» INPUT FOR THIS TASK

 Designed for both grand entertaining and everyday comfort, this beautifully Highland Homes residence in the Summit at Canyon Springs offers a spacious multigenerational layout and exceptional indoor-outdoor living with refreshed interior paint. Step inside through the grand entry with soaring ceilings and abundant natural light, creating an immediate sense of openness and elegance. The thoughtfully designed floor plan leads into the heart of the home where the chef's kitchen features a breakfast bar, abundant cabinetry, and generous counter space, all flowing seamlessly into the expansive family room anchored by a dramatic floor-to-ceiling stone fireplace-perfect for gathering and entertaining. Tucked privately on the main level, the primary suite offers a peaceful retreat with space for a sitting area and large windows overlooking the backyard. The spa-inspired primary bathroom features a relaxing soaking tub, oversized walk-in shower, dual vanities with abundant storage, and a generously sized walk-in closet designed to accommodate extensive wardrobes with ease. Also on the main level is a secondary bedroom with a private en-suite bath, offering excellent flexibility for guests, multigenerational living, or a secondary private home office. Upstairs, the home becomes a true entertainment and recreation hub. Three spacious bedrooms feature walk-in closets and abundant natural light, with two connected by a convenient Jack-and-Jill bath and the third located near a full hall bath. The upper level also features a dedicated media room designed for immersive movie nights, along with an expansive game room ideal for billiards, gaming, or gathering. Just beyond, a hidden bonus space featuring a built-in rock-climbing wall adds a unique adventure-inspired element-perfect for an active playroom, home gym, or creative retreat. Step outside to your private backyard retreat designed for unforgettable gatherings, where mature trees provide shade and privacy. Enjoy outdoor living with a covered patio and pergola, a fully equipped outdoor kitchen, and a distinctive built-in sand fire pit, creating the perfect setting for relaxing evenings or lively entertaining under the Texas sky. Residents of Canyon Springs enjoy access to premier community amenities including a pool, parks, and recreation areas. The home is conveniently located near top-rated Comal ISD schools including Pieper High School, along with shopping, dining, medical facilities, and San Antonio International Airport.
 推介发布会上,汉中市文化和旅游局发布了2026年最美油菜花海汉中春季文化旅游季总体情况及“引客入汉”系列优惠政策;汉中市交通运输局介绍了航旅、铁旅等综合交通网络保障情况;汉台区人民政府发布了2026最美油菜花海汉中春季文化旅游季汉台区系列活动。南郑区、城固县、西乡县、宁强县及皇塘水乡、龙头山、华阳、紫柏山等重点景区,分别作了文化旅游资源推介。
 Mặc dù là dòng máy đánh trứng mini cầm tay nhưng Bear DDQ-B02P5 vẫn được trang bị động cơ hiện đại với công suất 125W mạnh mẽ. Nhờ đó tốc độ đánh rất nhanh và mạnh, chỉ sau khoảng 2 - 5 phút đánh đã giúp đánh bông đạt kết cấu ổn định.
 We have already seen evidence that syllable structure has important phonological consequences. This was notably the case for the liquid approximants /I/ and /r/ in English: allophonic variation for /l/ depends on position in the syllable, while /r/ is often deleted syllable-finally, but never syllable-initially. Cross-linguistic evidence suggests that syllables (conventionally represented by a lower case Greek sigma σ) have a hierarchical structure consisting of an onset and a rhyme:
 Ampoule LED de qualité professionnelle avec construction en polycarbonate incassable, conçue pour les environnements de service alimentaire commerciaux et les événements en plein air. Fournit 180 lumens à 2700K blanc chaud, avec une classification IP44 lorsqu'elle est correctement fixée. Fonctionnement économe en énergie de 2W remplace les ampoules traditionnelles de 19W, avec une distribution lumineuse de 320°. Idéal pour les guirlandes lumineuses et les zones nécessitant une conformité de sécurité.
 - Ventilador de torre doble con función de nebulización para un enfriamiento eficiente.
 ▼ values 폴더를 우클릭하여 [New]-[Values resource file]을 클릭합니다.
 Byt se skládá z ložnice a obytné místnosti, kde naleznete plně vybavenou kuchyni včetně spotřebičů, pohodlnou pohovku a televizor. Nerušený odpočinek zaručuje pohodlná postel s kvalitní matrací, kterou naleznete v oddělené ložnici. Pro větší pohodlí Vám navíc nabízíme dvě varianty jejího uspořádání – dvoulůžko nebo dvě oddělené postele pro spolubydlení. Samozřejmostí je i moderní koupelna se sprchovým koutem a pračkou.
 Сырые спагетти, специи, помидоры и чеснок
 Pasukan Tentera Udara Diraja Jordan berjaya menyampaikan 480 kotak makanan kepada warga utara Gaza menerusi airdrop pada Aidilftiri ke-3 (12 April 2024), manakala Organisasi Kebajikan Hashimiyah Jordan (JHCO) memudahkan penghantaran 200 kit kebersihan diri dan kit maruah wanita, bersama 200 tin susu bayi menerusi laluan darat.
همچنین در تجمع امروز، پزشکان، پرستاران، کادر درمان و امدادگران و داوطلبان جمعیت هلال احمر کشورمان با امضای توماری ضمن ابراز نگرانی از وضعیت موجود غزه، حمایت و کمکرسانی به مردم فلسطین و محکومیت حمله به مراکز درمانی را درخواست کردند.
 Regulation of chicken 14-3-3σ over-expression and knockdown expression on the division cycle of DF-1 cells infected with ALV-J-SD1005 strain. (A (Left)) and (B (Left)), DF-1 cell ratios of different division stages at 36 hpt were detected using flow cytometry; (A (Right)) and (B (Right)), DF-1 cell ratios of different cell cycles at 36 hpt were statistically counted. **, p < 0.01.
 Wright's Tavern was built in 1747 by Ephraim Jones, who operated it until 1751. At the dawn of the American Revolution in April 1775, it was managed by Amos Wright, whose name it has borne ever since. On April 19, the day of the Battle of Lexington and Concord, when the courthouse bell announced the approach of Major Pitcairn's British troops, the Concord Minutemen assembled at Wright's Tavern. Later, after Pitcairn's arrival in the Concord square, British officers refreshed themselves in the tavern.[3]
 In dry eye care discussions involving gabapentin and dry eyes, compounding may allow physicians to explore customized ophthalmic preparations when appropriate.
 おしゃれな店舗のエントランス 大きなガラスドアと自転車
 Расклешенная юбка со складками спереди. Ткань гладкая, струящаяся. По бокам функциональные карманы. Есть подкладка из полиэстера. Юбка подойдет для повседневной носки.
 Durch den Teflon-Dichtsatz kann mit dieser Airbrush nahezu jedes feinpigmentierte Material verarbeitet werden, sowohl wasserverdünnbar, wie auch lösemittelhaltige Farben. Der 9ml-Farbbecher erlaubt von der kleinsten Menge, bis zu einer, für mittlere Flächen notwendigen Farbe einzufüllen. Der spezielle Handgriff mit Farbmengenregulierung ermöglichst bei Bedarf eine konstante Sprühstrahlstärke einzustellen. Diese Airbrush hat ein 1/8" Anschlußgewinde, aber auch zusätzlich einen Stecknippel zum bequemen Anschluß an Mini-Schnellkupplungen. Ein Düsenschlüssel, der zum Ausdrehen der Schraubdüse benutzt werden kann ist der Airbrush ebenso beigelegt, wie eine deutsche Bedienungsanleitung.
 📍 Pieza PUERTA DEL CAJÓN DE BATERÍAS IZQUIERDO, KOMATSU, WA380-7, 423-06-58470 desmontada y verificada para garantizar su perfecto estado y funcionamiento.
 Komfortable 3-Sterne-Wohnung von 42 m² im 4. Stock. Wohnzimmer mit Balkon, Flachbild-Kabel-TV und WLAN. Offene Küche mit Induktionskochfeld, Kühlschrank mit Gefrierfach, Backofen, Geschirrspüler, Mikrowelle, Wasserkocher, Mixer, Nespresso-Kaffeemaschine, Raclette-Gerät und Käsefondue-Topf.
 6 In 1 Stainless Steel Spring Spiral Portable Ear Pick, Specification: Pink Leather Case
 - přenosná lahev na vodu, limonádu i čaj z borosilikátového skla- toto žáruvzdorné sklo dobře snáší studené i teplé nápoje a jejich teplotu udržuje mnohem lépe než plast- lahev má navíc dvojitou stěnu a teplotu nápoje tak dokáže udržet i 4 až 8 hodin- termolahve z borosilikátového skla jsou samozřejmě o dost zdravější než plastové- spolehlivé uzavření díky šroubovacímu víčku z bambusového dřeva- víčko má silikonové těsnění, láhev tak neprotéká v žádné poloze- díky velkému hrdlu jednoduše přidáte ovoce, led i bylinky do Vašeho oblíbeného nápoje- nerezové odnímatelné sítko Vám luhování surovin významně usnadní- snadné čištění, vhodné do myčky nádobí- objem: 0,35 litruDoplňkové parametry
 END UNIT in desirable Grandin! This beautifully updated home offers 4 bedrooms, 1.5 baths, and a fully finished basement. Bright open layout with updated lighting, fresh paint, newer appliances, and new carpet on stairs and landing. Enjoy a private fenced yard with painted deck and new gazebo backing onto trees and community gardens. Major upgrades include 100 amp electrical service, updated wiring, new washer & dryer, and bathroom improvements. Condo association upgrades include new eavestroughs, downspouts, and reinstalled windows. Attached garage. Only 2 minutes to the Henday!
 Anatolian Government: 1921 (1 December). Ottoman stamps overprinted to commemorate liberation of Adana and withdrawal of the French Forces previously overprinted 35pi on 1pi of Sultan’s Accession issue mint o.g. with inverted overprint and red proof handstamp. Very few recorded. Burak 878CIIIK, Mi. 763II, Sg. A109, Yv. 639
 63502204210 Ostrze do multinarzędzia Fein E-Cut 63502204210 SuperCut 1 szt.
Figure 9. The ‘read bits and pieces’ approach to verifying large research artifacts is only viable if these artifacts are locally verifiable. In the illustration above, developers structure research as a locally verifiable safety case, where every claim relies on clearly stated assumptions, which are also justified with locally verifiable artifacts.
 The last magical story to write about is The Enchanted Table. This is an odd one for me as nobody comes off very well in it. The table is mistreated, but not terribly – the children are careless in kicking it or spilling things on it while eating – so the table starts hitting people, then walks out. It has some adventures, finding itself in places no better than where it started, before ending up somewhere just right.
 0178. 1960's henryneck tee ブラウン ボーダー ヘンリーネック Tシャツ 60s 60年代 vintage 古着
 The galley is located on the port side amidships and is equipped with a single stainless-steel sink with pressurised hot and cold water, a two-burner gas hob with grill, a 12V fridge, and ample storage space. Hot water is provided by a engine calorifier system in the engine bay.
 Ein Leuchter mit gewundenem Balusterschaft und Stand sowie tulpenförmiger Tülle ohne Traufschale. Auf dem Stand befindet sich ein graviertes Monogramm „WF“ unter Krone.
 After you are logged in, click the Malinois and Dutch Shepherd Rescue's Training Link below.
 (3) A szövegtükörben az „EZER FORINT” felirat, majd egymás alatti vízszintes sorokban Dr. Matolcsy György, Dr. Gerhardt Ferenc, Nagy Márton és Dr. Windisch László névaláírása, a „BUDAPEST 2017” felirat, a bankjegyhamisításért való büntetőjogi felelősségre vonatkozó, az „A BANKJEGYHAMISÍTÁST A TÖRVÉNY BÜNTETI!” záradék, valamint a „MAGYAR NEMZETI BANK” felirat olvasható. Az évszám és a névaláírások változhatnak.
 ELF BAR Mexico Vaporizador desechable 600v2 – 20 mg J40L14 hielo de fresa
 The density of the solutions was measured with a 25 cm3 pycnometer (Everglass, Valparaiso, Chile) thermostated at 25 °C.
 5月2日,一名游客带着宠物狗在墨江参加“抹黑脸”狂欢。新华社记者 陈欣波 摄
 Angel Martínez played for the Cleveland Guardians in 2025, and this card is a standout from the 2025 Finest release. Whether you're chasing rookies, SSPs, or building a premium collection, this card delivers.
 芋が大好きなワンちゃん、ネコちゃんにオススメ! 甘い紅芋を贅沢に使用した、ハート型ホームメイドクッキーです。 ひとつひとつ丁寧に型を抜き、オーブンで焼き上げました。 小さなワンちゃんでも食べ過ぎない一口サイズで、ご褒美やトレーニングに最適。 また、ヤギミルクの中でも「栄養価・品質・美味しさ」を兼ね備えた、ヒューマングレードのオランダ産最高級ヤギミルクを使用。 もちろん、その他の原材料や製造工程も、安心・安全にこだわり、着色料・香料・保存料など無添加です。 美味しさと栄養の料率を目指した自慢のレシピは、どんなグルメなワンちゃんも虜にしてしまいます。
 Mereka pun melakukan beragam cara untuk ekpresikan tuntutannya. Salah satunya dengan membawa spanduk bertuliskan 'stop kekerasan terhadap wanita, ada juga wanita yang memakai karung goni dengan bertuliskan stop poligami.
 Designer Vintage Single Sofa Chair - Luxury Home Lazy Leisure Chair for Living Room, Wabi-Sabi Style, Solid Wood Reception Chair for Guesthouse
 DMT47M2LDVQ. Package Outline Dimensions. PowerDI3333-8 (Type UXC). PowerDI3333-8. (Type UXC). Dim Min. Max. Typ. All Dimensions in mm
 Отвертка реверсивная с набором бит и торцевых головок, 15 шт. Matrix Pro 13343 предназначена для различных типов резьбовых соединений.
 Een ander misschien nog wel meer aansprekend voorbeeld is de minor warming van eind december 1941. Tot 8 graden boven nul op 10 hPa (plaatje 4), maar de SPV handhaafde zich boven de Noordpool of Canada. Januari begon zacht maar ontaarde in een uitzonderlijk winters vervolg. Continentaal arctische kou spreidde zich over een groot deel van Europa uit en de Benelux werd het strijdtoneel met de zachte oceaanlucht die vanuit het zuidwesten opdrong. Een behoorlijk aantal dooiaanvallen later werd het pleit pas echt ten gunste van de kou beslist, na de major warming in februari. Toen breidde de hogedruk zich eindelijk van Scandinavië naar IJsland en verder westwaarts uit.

» WHAT THIS TASK INVOLVES
Scan the material above for the string "wanita", and copy every line where it is found.

» RESULT FOR THIS TASK
 Pasukan Tentera Udara Diraja Jordan berjaya menyampaikan 480 kotak makanan kepada warga utara Gaza menerusi airdrop pada Aidilftiri ke-3 (12 April 2024), manakala Organisasi Kebajikan Hashimiyah Jordan (JHCO) memudahkan penghantaran 200 kit kebersihan diri dan kit maruah wanita, bersama 200 tin susu bayi menerusi laluan darat.
 Mereka pun melakukan beragam cara untuk ekpresikan tuntutannya. Salah satunya dengan membawa spanduk bertuliskan 'stop kekerasan terhadap wanita, ada juga wanita yang memakai karung goni dengan bertuliskan stop poligami.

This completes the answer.